もしも「シンデレラ」の語り手があずきみみこだったら
割とさいきん、とある街に
新田 令羅【しんでん れら】
(あだ名:シンデレラ)
という高校生が住んでいました。
レラは、父の再婚相手と
その連れ子2人と暮らし、
それなりに上手くやっていました。
夕方のこと、
シンデレラにごはんを催促する
姉の声が聞こえます。
レラはこの家のご飯担当です。
少しは手伝ってほしいところですが、
継母と姉たちは”食べものをどうにかする”
という概念がちょっとないので
まったく作ろうとしません。
レラはぶつくさ小言を言いながらも
かぼちゃの煮物と豆腐のみそ汁を作り、みんなで食べました。
ある日のこと、
「それじゃあシンデレラ、留守番よろしくね」
継母たちは武道館へ出かけて行きました。
一家でハマっている推しのライブ。
初めての武道館公演に
レラも舞い上がっていたのですが、
悲しいことにレラだけが
チケット抽選に外れてしまったのです。
今日に至るまでチケットを
譲るそぶりを全く見せなかった
継母と姉たち。
誰もいなくなった家でレラは
仕方なく、作り置きのレシピを
クックパッドで検索することにしました。
するとそこに、ピンポーンと
家のチャイムが鳴りました。
開けてみると、そこには1人の老婆が
立っていました。
レラのおばあちゃんでした。
レラのおばあちゃんはどんな食材も
美味しい料理に変えてしまうので、
近所の人から
「魔法使いの新田(しんでん)さん」と
呼ばれていました。
なのでレラは、家にたくさんあるかぼちゃを
調理してもらうよう、おばあちゃんに
お願いしました。
すると、おばあちゃんはあっという間に
おいしいかぼちゃグラタンを作ってみせました。
レラは大喜び。
そしてあることを思い出します。
レラはネズミのぬいぐるみをおばあちゃんに
あげることにしました。
この頃レラは、よく懸賞に当たるのです。
チケットを除いて。
そして、おばあちゃんも
あることを思い出しました。
それはなんと、あの武道館ライブのチケットではありませんか。
レラは大喜び。
ですがもう開演時間が迫っています。
その様子を見たおばあちゃんは言いました。
レラはこの日のためにメルカリで買ってあった
ワンピースと、一目惚れしたクリアサンダルに
急いで着替え、
おばあちゃんの愛車である
「かぼちゃ色の乗用車」に乗って武道館へ
急ぎました。
そうして無事に間に合ったレラ。
おばあちゃんにお礼を言って会場内に入りました。
席を確認すると、なんとアリーナ最前列ではありませんか。
継母たちはみな、スタンドの遠い席だと
聞いていたので、レラは少し不憫に思いながらも
ほくそ笑むを抑えられませんでした。
ライブが始まって、レラの王子様が現れたとき
レラは、生きててよかったと心から思いました。
そして、夢のようなひとときは過ぎ
あっという間に王子様との別れが来てしまいました。
夢現(ゆめうつつ)でぼんやりしているレラも
終バスがあるので急がなければなりません。
レラは必死に走りました。
途中、下ろしたてのクリアサンダルが
片方脱げても構わず走りました。
でも、さすがに走りにくすぎて取りに戻りました。
とうとうレラは終バスを逃してしまい、
仕方がないので2時間かけて歩いて帰りました。
レラは
疲労感と足の痛みに襲われながらも、
頭は先ほどのライブのことでいっぱいで
幸せに浸りながら帰路につきました。
それから何日か経ったある日、
ちょうど継母と姉たちが帰宅したところに
郵便局員が来ました。
どうやら新人らしい郵便屋さんは、
封筒を片手に言いました。
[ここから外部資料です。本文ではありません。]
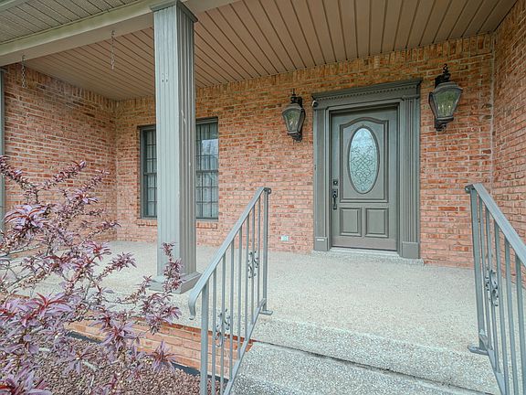 Brick homeFront porchDouble ovensBack patio with fountainNearly half an acreGas cooktopFormal dining room

「こちらに
新田令羅さんという方はいらっしゃいますか」
継母は代わりに
その封筒を受け取ろうとしましたが、
新人の郵便屋さんはマニュアルよりもマニュアルに忠実なので
頑なに本人に渡そうとします。
奥から出てきたレラは、その封筒を受け取りました。
自分の部屋でこっそりその封筒を開けると、
中には「ご当選おめでとうございます」
という手紙と、推しのサイン入りチェキが
入っていました。
そしてそれは、レラの部屋の写真立てに
ピッタリとはまりました。
レラは継母たちに見つからないよう
その写真立てを引き出しにしまい、
時々それを眺めては
しばらくの間、幸せに浸りましたとさ。
めでたいんだか、めでたくないんだか。